DATA PROVIDED:

####

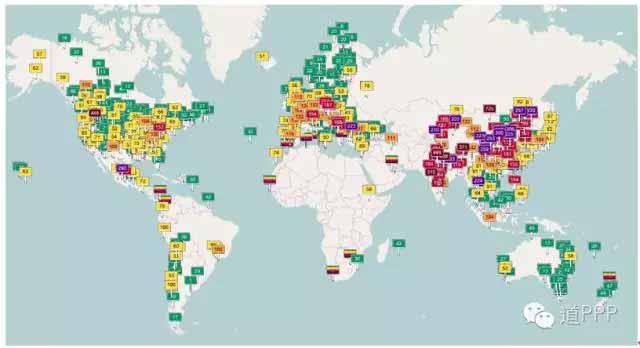 圖1 全球實時空氣質量跟蹤圖(2016年11月2日)
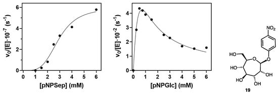 4.6. Kinetics of Streptomyces β-Glucosidase with p-Nitrophenyl Septanoside 19
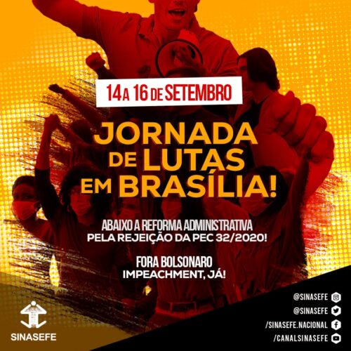 Em face dos esforços que estão sendo promovidos para evitar a aprovação da Reforma Administrativa, o Sinasefe Nacional e o Fonasefe convocaram suas bases para comparecerem à Jornada de Lutas de 14 a 16/09. A atividade tem como foco promover grandes manifestações em defesa dos serviços públicos e dos trabalhadores que atuam no funcionalismo.
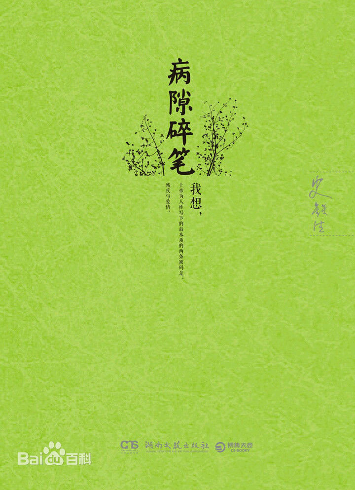 古时候君王的死叫做“薨”,普通人的死叫做“去世”,有身份有名望之人的死叫做“逝世”,十恶不赦的囚徒的死叫做“罪有应得”,得道高僧的死叫做“圆寂”,在汉语的语用方面这些半点错不得,更别提在具有神秘佛法性的等级中国里乱纲了。可是这么多这么繁杂的名目里,哪一个不是相同的“离去”呢?而我却注意到史铁生在《病隙碎笔》里用的最多的就是单单一个“死”字,利利落落,坦坦荡荡,不遮不掩,就好像恐怖的死本来就应该是这样坦然。

####

YOUR OBJECTIVE:
The result should be the same data as above, line for line, with the pictures gone.

SOLUTION:
 圖1 全球實時空氣質量跟蹤圖(2016年11月2日)
 4.6. Kinetics of Streptomyces β-Glucosidase with p-Nitrophenyl Septanoside 19
 Em face dos esforços que estão sendo promovidos para evitar a aprovação da Reforma Administrativa, o Sinasefe Nacional e o Fonasefe convocaram suas bases para comparecerem à Jornada de Lutas de 14 a 16/09. A atividade tem como foco promover grandes manifestações em defesa dos serviços públicos e dos trabalhadores que atuam no funcionalismo.
 古时候君王的死叫做“薨”,普通人的死叫做“去世”,有身份有名望之人的死叫做“逝世”,十恶不赦的囚徒的死叫做“罪有应得”,得道高僧的死叫做“圆寂”,在汉语的语用方面这些半点错不得,更别提在具有神秘佛法性的等级中国里乱纲了。可是这么多这么繁杂的名目里,哪一个不是相同的“离去”呢?而我却注意到史铁生在《病隙碎笔》里用的最多的就是单单一个“死”字,利利落落,坦坦荡荡,不遮不掩,就好像恐怖的死本来就应该是这样坦然。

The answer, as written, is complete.